“As with wine, there are vintages in history. But 1979 is a Château-Margaux in this area,” the editorialist of the New York Times Thomas L. Friedman. If pivotal years are fashionable in publishing (we can no longer count the works devoted to 1789, 1914, 1917, 1968 or 1989), we must recognize that the twilight of the seventies has everything of a turning point. In a fascinating book combining great history and cultural analyses, 1979, The great shift of the world*journalist and essayist Brice Couturier looks back on this year which continues to haunt us in many ways.
1979 was the second oil shock, the definitive end of the Trente Glorieuses, a term popularized by Jean Fourastié in a bestseller published that year. It is also the launch of the European monetary system, the first step towards the single currency. For the United Kingdom, it was above all the arrival at 10 Downing Street of Margaret Thatcher, who shook up the declining economy of the former empire and became the leading figure of the “neoliberal” wave.
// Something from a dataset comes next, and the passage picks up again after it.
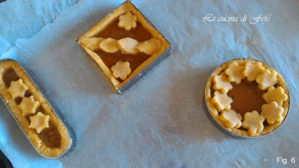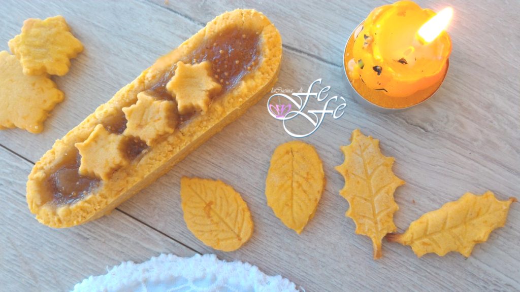 ¡Y aquí está una idea simpática para utilizar la masa de quebrada de calabaza que os propuse hace unos días! Yo las preparé para celebrar discretamente la fiesta de Halloween, que aunque no me encanta, participo solo por el espíritu festivo. Vosotros, en cambio, podréis prepararlas en cualquier otra ocasión, porque son perfectas para la merienda, para el desayuno y, dadas las dimensiones, también como dulces de cumpleaños. Se trata precisamente de tartaletas de masa quebrada de calabaza con un corazón de mermelada de higos, última reserva de mis provisiones hechas en casa. La combinación entre estos dos sabores es realmente sorprendente, sin duda una combinación no trivial que conquistará a toda la familia. Pronto también publicaré las galletas que preparé con lo que sobró de la masa quebrada, otra idea simpática para decorar tartas, copas de helado o incluso disfrutarlas simplemente con té. La receta está basada en harina de arroz, por lo tanto perfecta también para quienes son intolerantes al gluten. Podréis de todas formas variarla con otras harinas y rellenos más golosos a base de chocolate y así jugar con las combinaciones de sabores.

1979 was also the end of the genocidal Khmer Rouge regime in Cambodia and the boat people Vietnamese fleeing communism, which provoked a humanitarian mobilization in Western countries (to the point of bringing together Jean-Paul Sartre and Raymond Aron on the steps of the Elysée). “The defense of human rights – a defensive ideology – was going to take the place of the revolutionary myth,” notes Brice Couturier. 1979 kicks off Deng Xiaoping’s economic reforms. One of the poorest countries in the world, China is slowly converting to a market economy and opening up, a prelude to globalization.
Islamism and narcissism
1979 saw the invasion of Afghanistan by the Soviet Union, which pushed the United States to finance Sunni jihadists (including a certain Osama Bin Laden…), but also forced them to toughen their tone against the rival Communist. The idealist Jimmy Carter will soon give way to the cowboy Ronald Reagan. 1979 was of course the Iranian revolution which surprised and blinded the West. Even Valery Giscard d’Estaing, although little suspected of leftism, believes that the religious dimension is anecdotal, and that it is above all a social and political revolt. However, this “revenge of God”, as Gilles Kepel would later diagnose it, clearly marks the end of Arab nationalism in favor of Islamism. The magazine Time make no mistake in designating Ayatollah Khomeini as “man of the year”.
But Brice Couturier himself quickly passes over the most underestimated event of this year: the storming of the Grand Mosque of Mecca by an Islamist fundamentalist group opposed to the Saudi royal family. The attack will block any attempt at modernization in the cradle of Islam for a long time. “This event was not understood in the West, but the consequences were major, underlines Thomas L. Friedman. Saudi Arabia reacted by taking a Wahhabi and fundamentalist turn. Not only did it embark on this ultra-religious path and puritanical on its territory, but it exported it to the mosques and madrasas of Muslim countries. In doing so, it changed the face of Islam, from Morocco to Indonesia. In 2018, Crown Prince Mohammed bin Salman himself declared that before 1979, his country led “a normal life like the rest of the Gulf countries, women drove cars, there were cinemas in Saudi Arabia”.
Former member of Radio Nova and GlobeBrice Couturier does not forget revolutions more frivolous. The tube Video Killed the Radio Star by The Buggles heralds the advent of music videos. Off the Wall by Michael Jackson launches the biggest pop phenomenon of the end of the century. London Calling des Clash is undoubtedly the best (double) rock album of all time. In terms of ideas, the essay The Culture of Narcissism by sociologist Christopher Lasch proves premonitory: the collective emancipation promoted by the social revolutions of the 1960s and 1970s gives way to the individual king, with his aspirations for bodily and psychological well-being. And it was in 1979 that Sony launched the Walkman which, according to the critic Guardian Jonathan Glancey, will represent “the apotheosis of individualism of the 1980s”.
*1979. The great shift of the worldby Brice Couturier. Perrin, 395 p., €23.50.